Te animas y nos vemos ahí…?

Buscar otras maneras…

A veces simplemente, hay que buscar otras maneras.

La vida regularmente nos permite sortear dificultades, y es la única manera (pareciera) de aprender la lección de forma permanente.

Hay puertas que se cierran y corazones que no abren más sus brazos para nosotros, y eso está bien, porque decir lo contrario sería evidenciar egoísmo y eso no debería estar en el argumento de quien ama.

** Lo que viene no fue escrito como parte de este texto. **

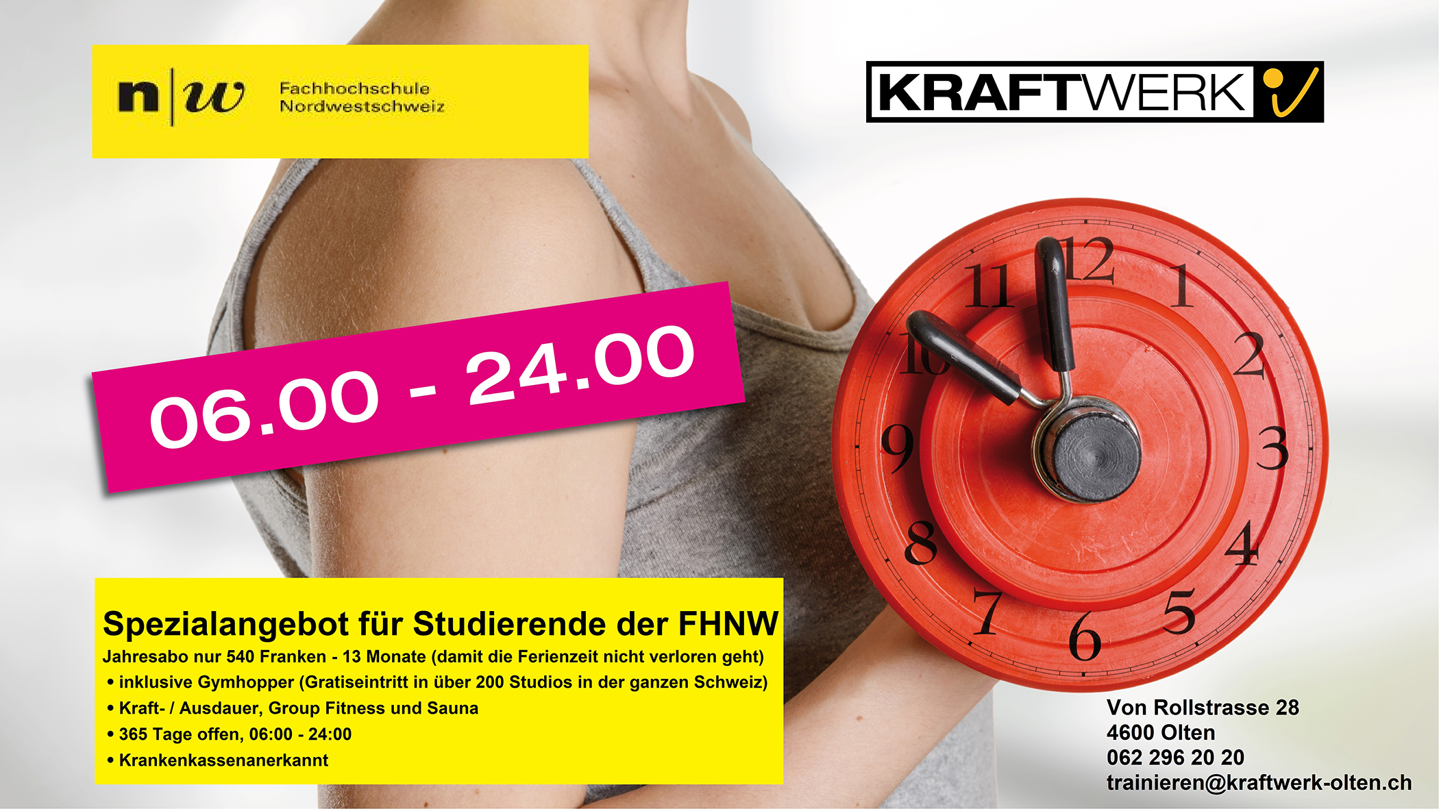 Anbieter: SportGYM Aarburg Angebot: Spezialpreis für FHNW Studierende und Mitarbeitende (als Gutschein). Weitere Infos SportGym Aarburg. Website: www.sportgym.ch |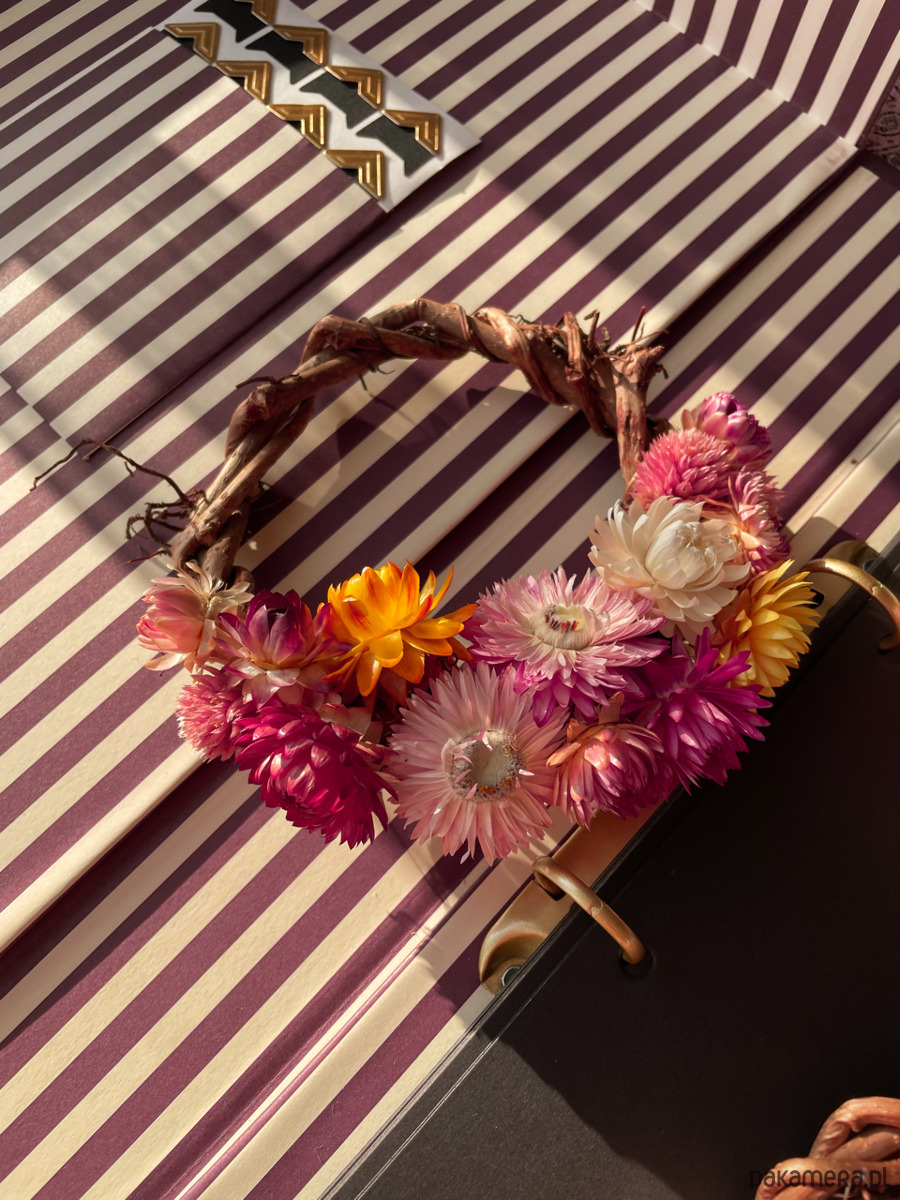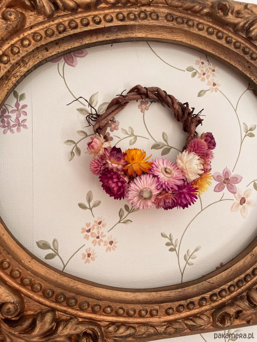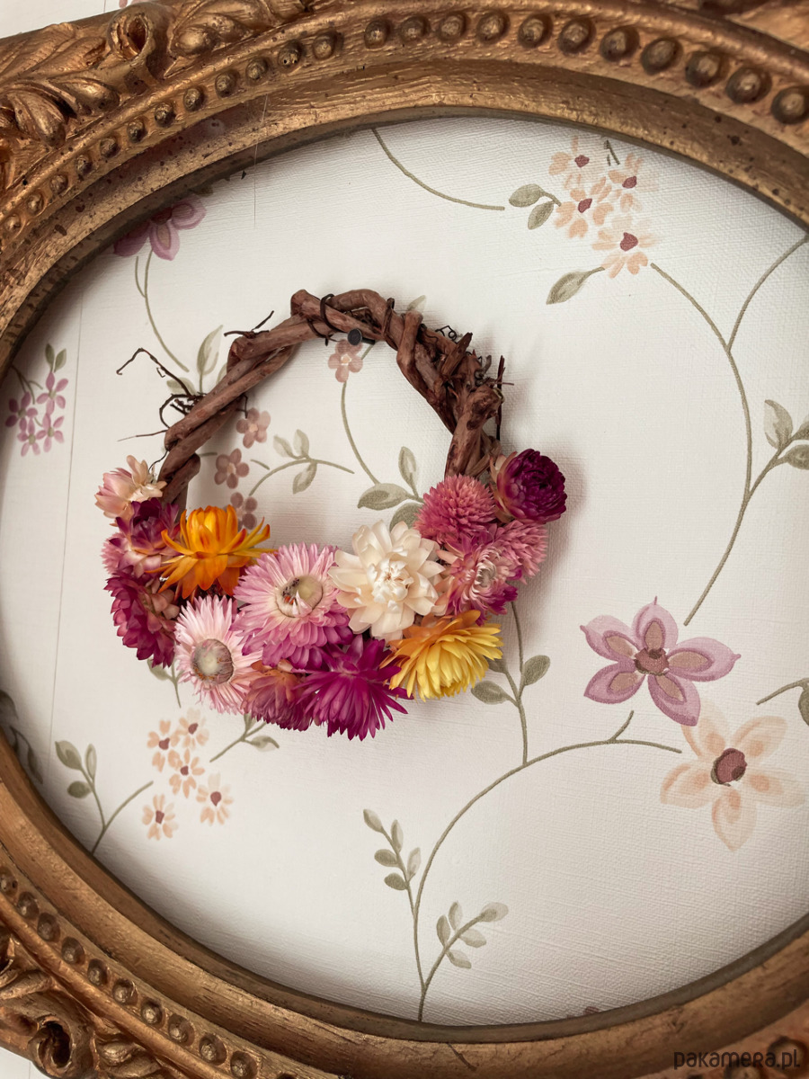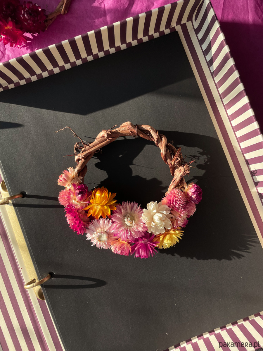Wianuszek ręcznie wykonany z suszonymi kwiatami, idealny na prezent.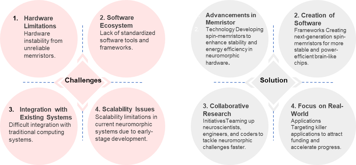 - Solution – Advancements in Memristor Technology (Developing spin-memristors to enhance stability and energy efficiency in neuromorphic hardware.)

Hay espacios que ya no existen, ya sea porque se llenó el que había, o porque no pudo cumplirse con la demanda económica que permitía ensanchar la capacidad, como puede ocurrir con una cuenta libre, como esta.

Pero aun así…

Otros caminos existen. Si hay brazos que ya no están dispuestos a abrazarnos, habrán manos que aunque sean rocen las nuestras y esa será una de muchas esperanzas, para comenzar de nuevo.

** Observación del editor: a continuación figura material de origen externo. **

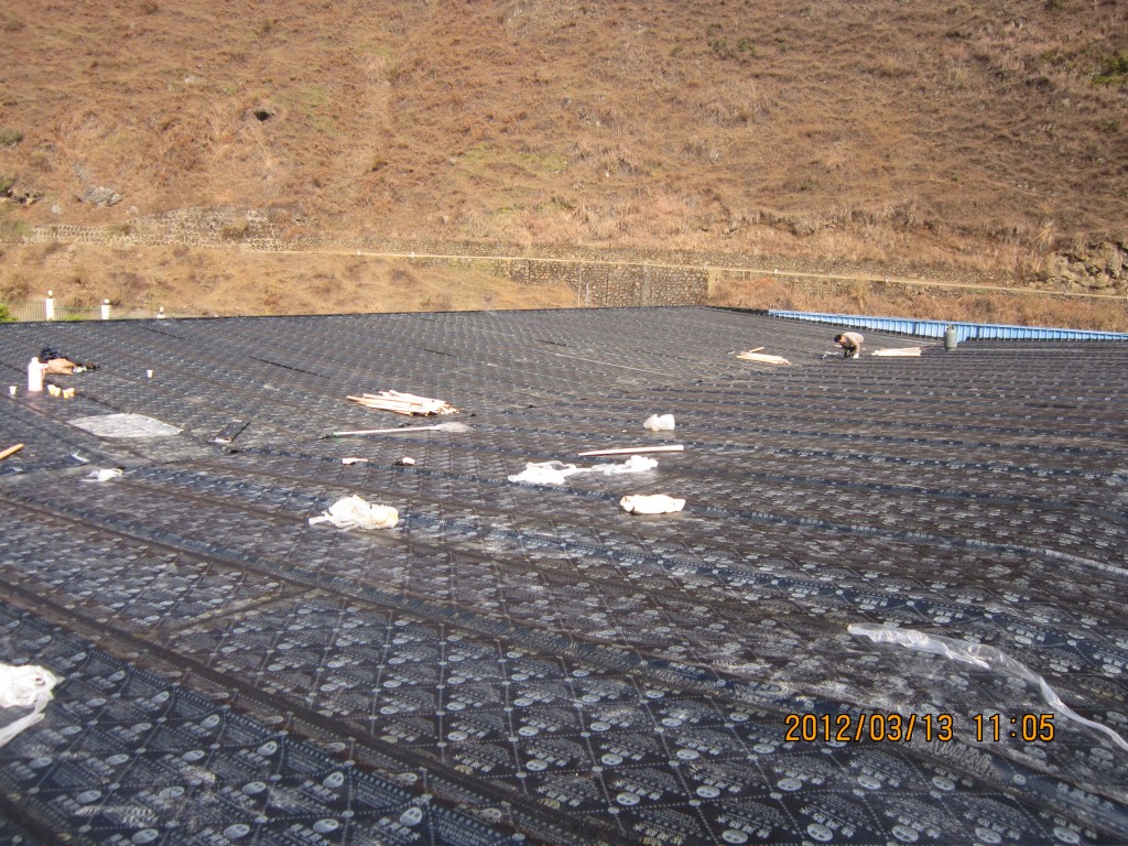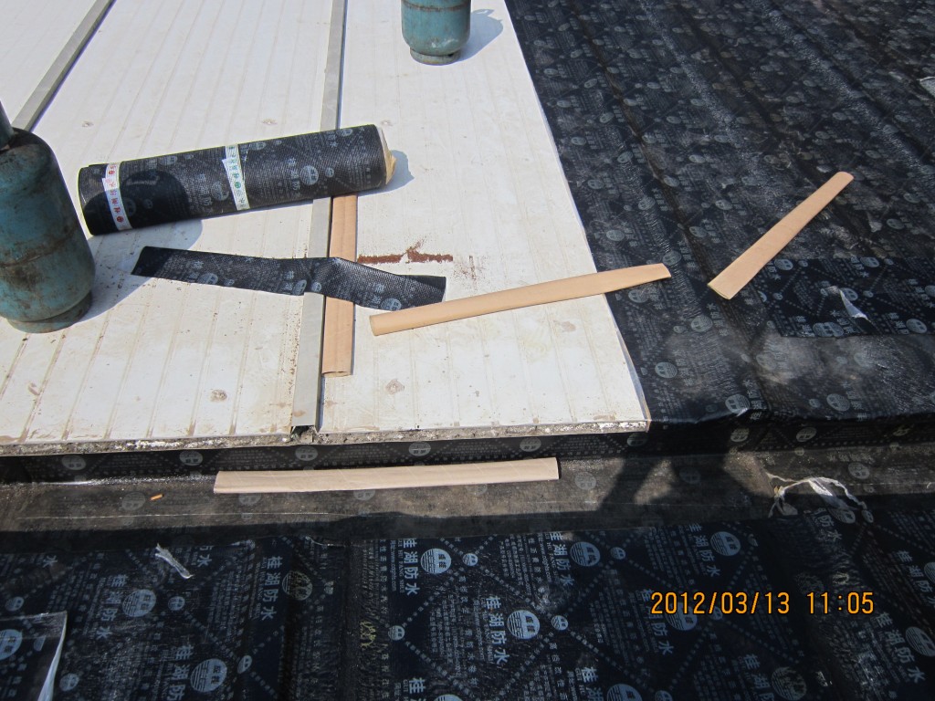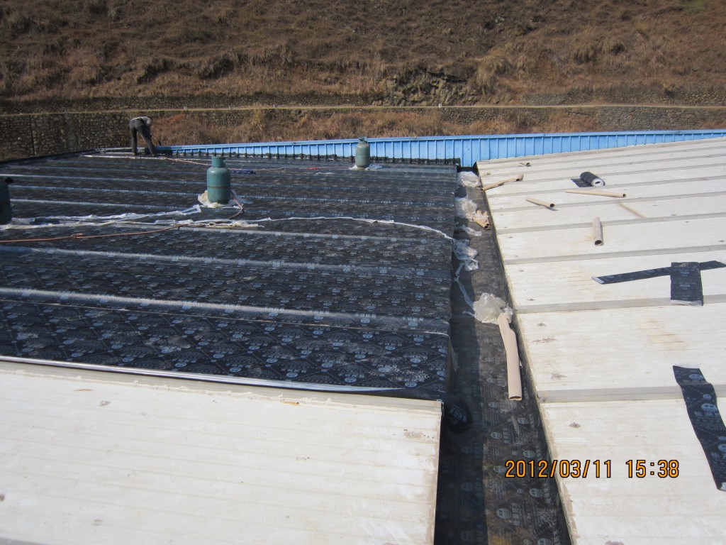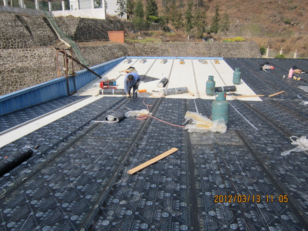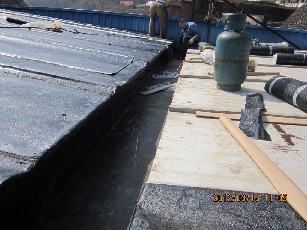 甘洛縣吉日波水電站位于四川省涼山彝族自治州甘洛縣境內,吉日波水電站的車間頂部采用彩鋼頂修建,車間經過一些年代后陸續出現多處漏水,期間經過多次小修小補效果均不理想,甘洛縣吉日波水電站于2012年2月找到本公司業務員,本公司派人前往查看現場后,最終采取的方案是在彩鋼瓦頂不全做一層4mm玻纖胎SBS改性瀝青防水卷材,本公公司于2012年3月10日開始施工,施工后效果非常好,截至今年前段時間的回訪,吉日波水電站車間彩鋼頂的防水效果依然非常好。

Si no hay espacio en una hoja, pues tendremos que buscar otro cuaderno, porque lo que no podemos permitir es que muestra historia no sea escrita (por supuesto, sólo para los que tenemos necesidad de eso).

PD: creo que me va a tocar hacer un segundo blog, como parte de buscar otro camino, otras manera, otra alternativa.

Los "no" están hechos,
Los "si" hay que buscarlos.

Ventanita de luz

Mantos grises abundan por todos lados, pero si nos atrevemos a mirar un poco más allá es posible encontrar ventanitas de luz.

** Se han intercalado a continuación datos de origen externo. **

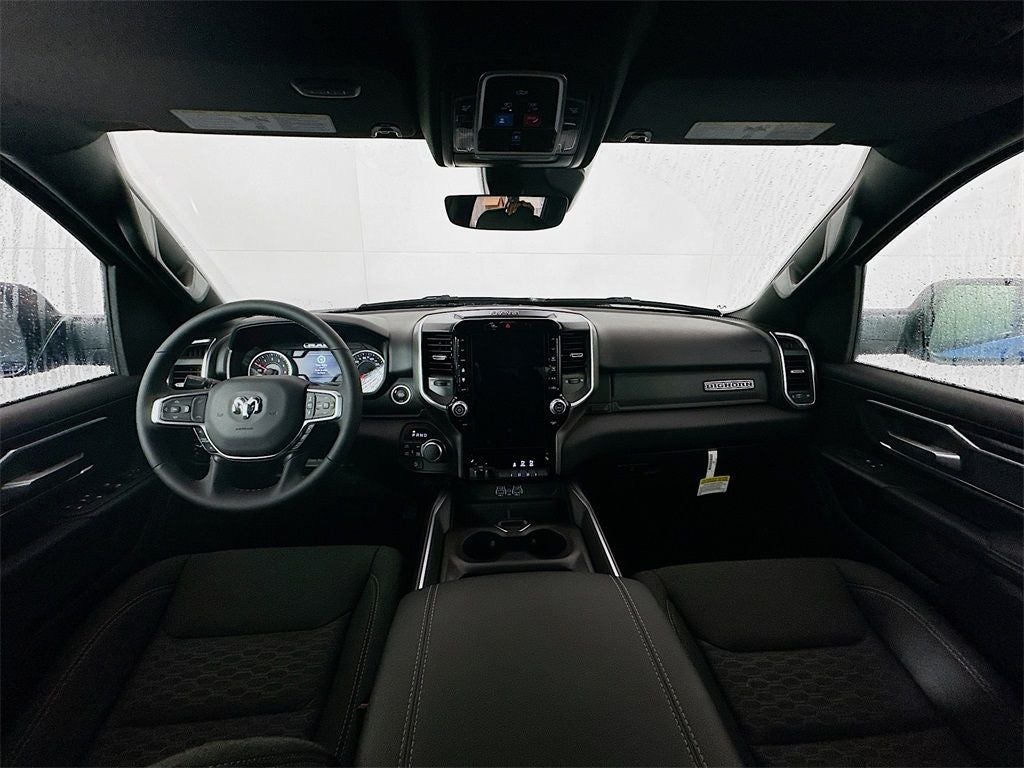 115V Auxiliary Power Outlet, 115V Auxiliary Rear Power Outlet, 12 Touchscreen Display, 2nd Row in Floor Storage Bins, 3 Rear Seat Head Restraints, 4 Way Front Headrests, 4-Wheel Disc Brakes, 400W Inverter, 48V Belt Starter Generator, 4G LTE Wi-Fi Hot Spot, 6 Speakers, 9 Amplified Speakers with Subwoofer, ABS brakes, Accent Color Door Handles, Accent Color Premium Power Mirrors, Accent Color Tailgate Handle, Air Conditioning, Air Conditioning ATC with Dual Zone Control, Alloy wheels, AM/FM radio, Anti-Spin Differential Rear Axle, Apple CarPlay, Apple CarPlay/Android Auto, Auto High-beam Headlights, Auto Power-Folding Mirrors, Auto-Dimming Exterior Driver Mirror, Auto-Dimming Rear-View Mirror, Big Horn Level 2 Equipment Group, Black Exterior Mirrors, Black Exterior Truck Badging, Black Headlamp Bezels, Black Interior Accents, Black Painted Exterior Mirrors Caps, Black Premium Power Mirrors, Black Tail Lamp Bezels, Body Color Fender Flares, Body Color Front Bumper, Body Color Rear Bumper with Step Pads, Brake assist, Bucket Seats, Bumpers: chrome, Center Console Parts Module, Cloth Bucket Seats, Cluster 7.0 TFT Color Display, Compass, Configurable Drive Mode, Connected Travel and Traffic Services, Connectivity - US/Canada, Convex Wide-Angle Exterior Mirror Insert, Delay-off headlights, Deluxe Cloth Bucket Seats, Disassociated Touchscreen Display, Driver door bin, Dual Exhaust with Black Tips, Dual front impact airbags, Dual front side impact airbags, Electronic Stability Control, Exterior Mirrors Courtesy Lamps, Exterior Mirrors with Heating Element, Exterior Mirrors with Supplemental Signals, Front anti-roll bar, Front Bucket Seats, Front Center Armrest w/Storage, Front fog lights, Front License Plate Bracket, Front reading lights, Front Seat Back Map Pockets, Front wheel independent suspension, Full Length Floor Console, Fully automatic headlights, Global Telematics Box Module, Glove Box Lamp, Google Android Auto, GPS Antenna Input, GPS Navigation, Grille Black Surround Black Mesh, HD Radio, Heated door mirrors, Heated Front Seats, Heated Steering Wheel, Illuminated entry, Integrated Center Stack Radio, Integrated Voice Command with Bluetooth®, Leather Wrapped Steering Wheel, LED Dome Lamp with on/Off Switch, LED Footwell Lighting, Low tire pressure warning, Manual Adjust 4-Way Driver Seat, Manual Adjust 4-Way Front Passenger Seat, Manual Folding Exterior Mirrors, Media Hub with 2 Charge Only USBs, Night Edition, Occupant sensing airbag, Outside temperature display, Overhead airbag, Overhead console, Overhead LED Lamps, Panic alarm, ParkView Rear Back-Up Camera, Passenger door bin, Passenger vanity mirror, Power 2-Way Driver Lumbar Adjust, Power Adjust 8-Way Driver Seat, Power Adjustable Pedals, Power door mirrors, Power steering, Power windows, Premium Overhead Console, Quick Order Package 27Z Big Horn, Radio data system, Radio: Uconnect 5 Navigation with 12.0 Display, Radio: Uconnect 5 W with 8.4 Display, RAM Grille Badge - Black, RAM Grille Badge - Chrome, Rear 60/40 Folding Seat, Rear anti-roll bar, Rear Center Armrest, Rear Power Sliding Window, Rear step bumper, Rear Window Defroster, Remote keyless entry, Remote Tailgate Release, Security Alarm, SiriusXM Radio Service, SiriusXM with 360L, Speed control, Steering Wheel Mounted Audio Controls, Sun Visors with Illuminated Vanity Mirrors, Supplier Part Tracking (J-1), Tachometer, Telescoping steering wheel, Tilt steering wheel, Traction control, Trailer Brake Control, Trip computer, Universal Garage Door Opener, USB Host Flip, Variably intermittent wipers, Voltmeter, Wheels: 20 x 9.0 Aluminum Painted Clad.

Las decepciones son algo que tendremos que enfrentar con más frecuencia de la que quisiéramos, pero inevitablemente suceden. Nos decepcionan y nosotros también, decepcionamos (porque no podemos excluirnos de esa realidad).

Si nos quedamos en lo que otros nos hacen, seremos víctimas eternas. Si nos hacemos conscientes de que también lastimamos, pediremos perdón y también estaremos dispuestos a perdonar.

Busquemos la ventanita de luz, por mucho que este gris todo lo que aparentemente vemos.

Cielo… vida ☁️ 🌞

Como cielo diverso es nuestra vida, llena nubarrones que parecen no cesar, con ventanas azules en el fondo, donde quisiéramos quedarnos.

El viento de los acontecimientos nos mueve y a veces comienza a llover en nosotros antes que en el cielo. Todo termina mojado, alborotado y revuelto.

Entonces algo se despeja, inusitadamente llega la sensatez abrazada de la calma, y los rayos de sol se convierten en pequeños universos luminosos que nos acompañan, mientras dura la brevedad de la sonrisa.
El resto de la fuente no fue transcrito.